『自分にできることは何か』

自分にできることは何か。無力でおろかしい自分が、周りの愛する人びとのためにしなければならないまず最初のことは何か。

自分にできることは何か、この現実からはじめるべきなのです。

伝教太子は名前を最澄といいますが、奈良時代からっ平安時代にかわる、日本の心の歴史でも大切なあけぼのの時代に、中国から本覺の教えという菩薩の精神を日本に伝え、比叡山をひらきました。

その著書の中に「顕戒論」という、菩薩精神による戒律のあり方(大乗仏教の戒律)をあきらかにした書物があります。

その中で、修行をはじめる前の人の戒律には「随分の威儀」ということをいいます。

その人の能力に応じ、分にしたがって戒律を守ればよいというのです。

しかも、そのあとにつづけて「一分の菩薩」「具分の菩薩」というのです。

一分の菩薩というのは、たった一つの願いを守って人の心を大切にする人ということであり、具分の菩薩というのは、なすべきことを十分(具分)になすことによって、人の心を大切にしてゆく人ということです。
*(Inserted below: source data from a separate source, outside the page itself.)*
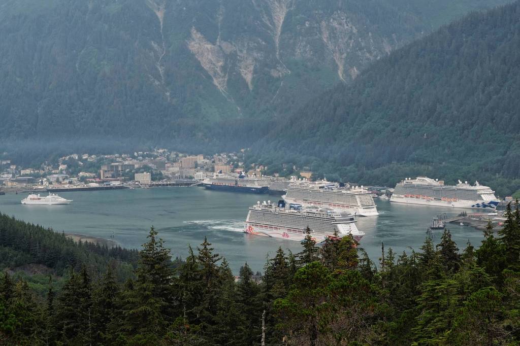 Six of the seven cruise ships due in Juneau on Tuesday, July 9, 2019, sit in the downtown harbor. The seven ships have the potential of bringing over 22,000 visitors to Juneau for the day. (Michael Penn | Juneau Empire)
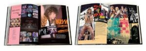 A compartment under the book includes exact replicas of the following items held in the Bon Jovi archive: Three Bon Jovi pins/badges and two guitar picks in a small cloth bag, a VIP Have a Nice Day tour pass and Jon Bon Jovi’s personal All Access laminate pass for the 1984 Runaway tour. A large pull-ribbon, printed with the Bon Jovi logo, lifts the book from the handcrafted case.
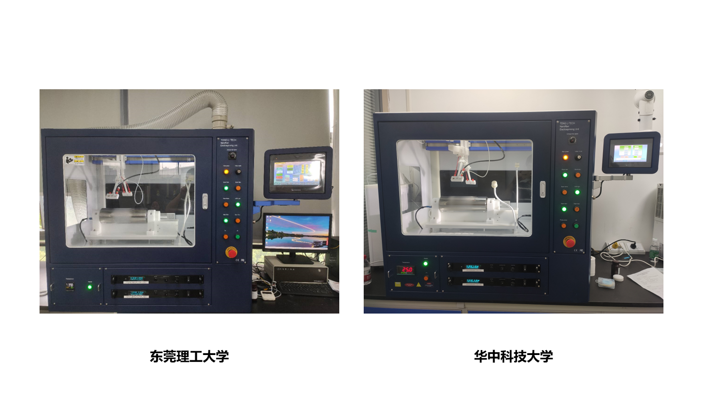 通力微納高壓靜電紡絲機TL-Pro,搭載正負高壓電源,并內置絕緣設計,既確保了紡絲箱的清潔,又保障了操作安全。其設計集成了單噴頭、多噴頭、同軸噴頭和并肩噴頭等多種噴頭系統,以及平板、滾筒、籠狀、超定向、細軸和碟狀等各類收絲器。噴頭與收絲器相互配合運動,同時具備獨立控制的雙通道微量泵,能夠滿足不同的實驗需求。此外,TL-Pro還提供三十余種升級配件,可根據不同的應用方向進行自由組合。這一多功能系統能夠制備多種形態的納米纖維,其產出的纖維膜均勻且厚度可調,保證了納米纖維膜制備的高度重復性。
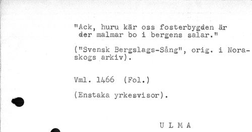 //// & //// b' * * //// "Ack, huru kär oss fosterbygden är //// der malmar bo i bergens salar." //// ("Svensk Bergslags-Sång"; orig. i Nora- //// skogs arkiv). //// i //// } . //// Vml. 1466 (Fol.) //// T- //// ! __(Enstaka yrkesvisor). //// it //// h ///
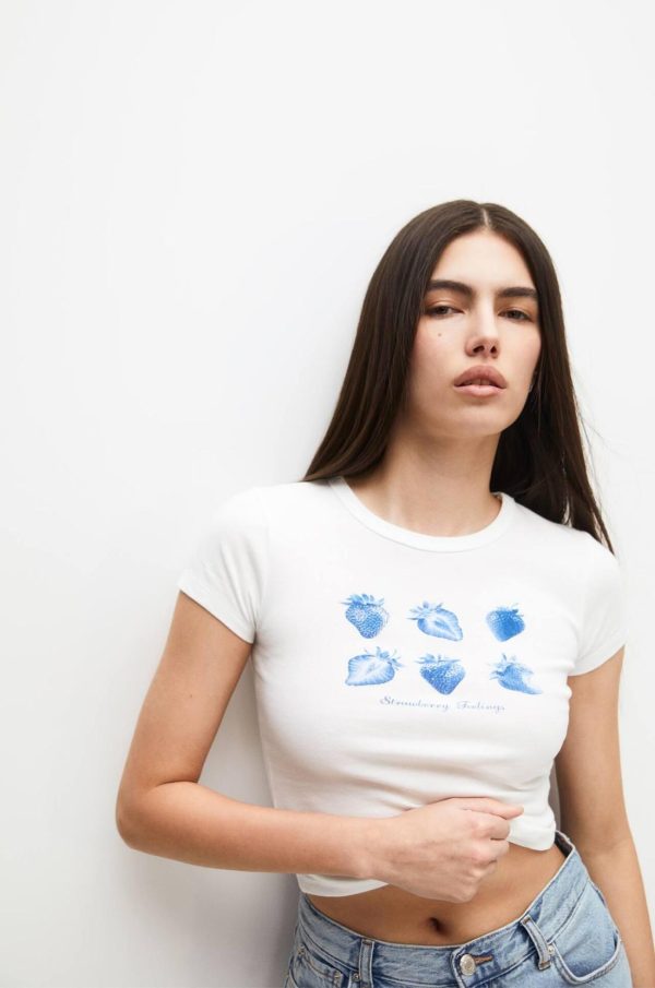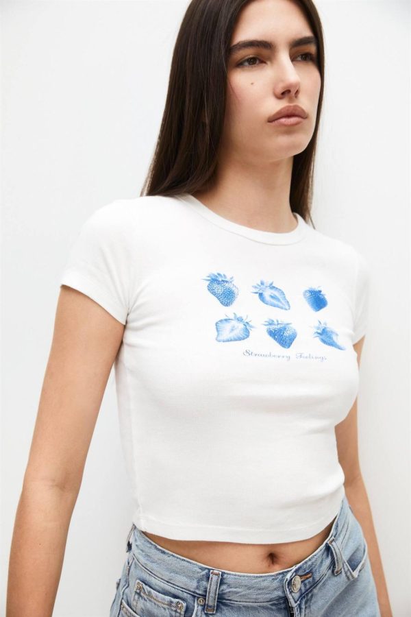 Short Sleeve Round Collar T-Shirt With A Strawberry Print Detail And A Label On The Hem.
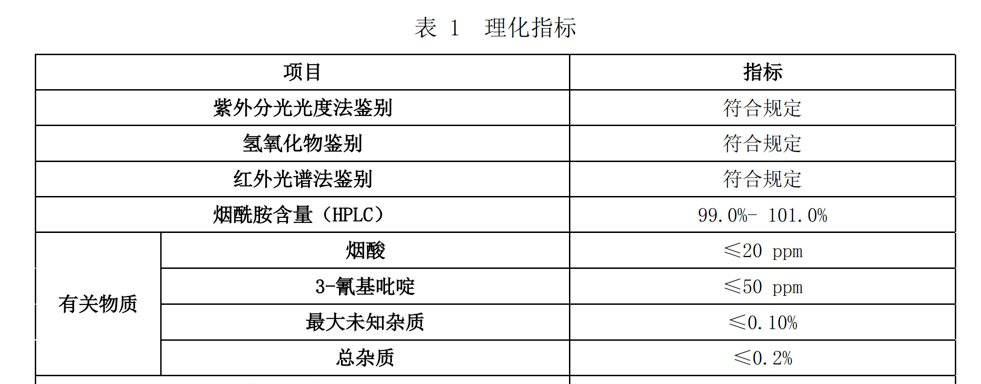 k1体育官网的烟酰胺企业标准在各个维度尤其是烟酸类目,明显优于国家质量监督局发布的各项指标。
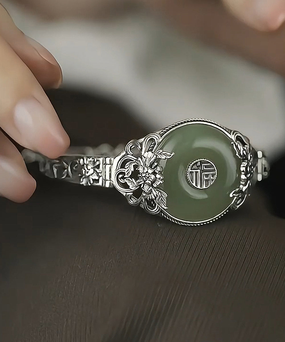 Retro Silk Sterling Silver Jade Peony Ping Buckle Bangle RB026

私たちはこの一分の菩薩になることからはじめるべきです。

一を守って人の心を大切にし、自分の心を大事にする、それによって心の安定を得る人になるべきだと思います。

伝教太子の有名なお言葉、「一隅を照らすもの」これが一番尊いとのお言葉も、一つながるが故に立派だと思います。

「仏教伝道協会の人生は丹精より引用させて頂きました」

 

◎仏教の戒律は沢山あり在家では守ることは難しいです。せめて(生き物を殺さない、他人の物を盗まない、不倫、浮気をしない、嘘をつかない、お酒を呑まない)の五戒を守りたいです。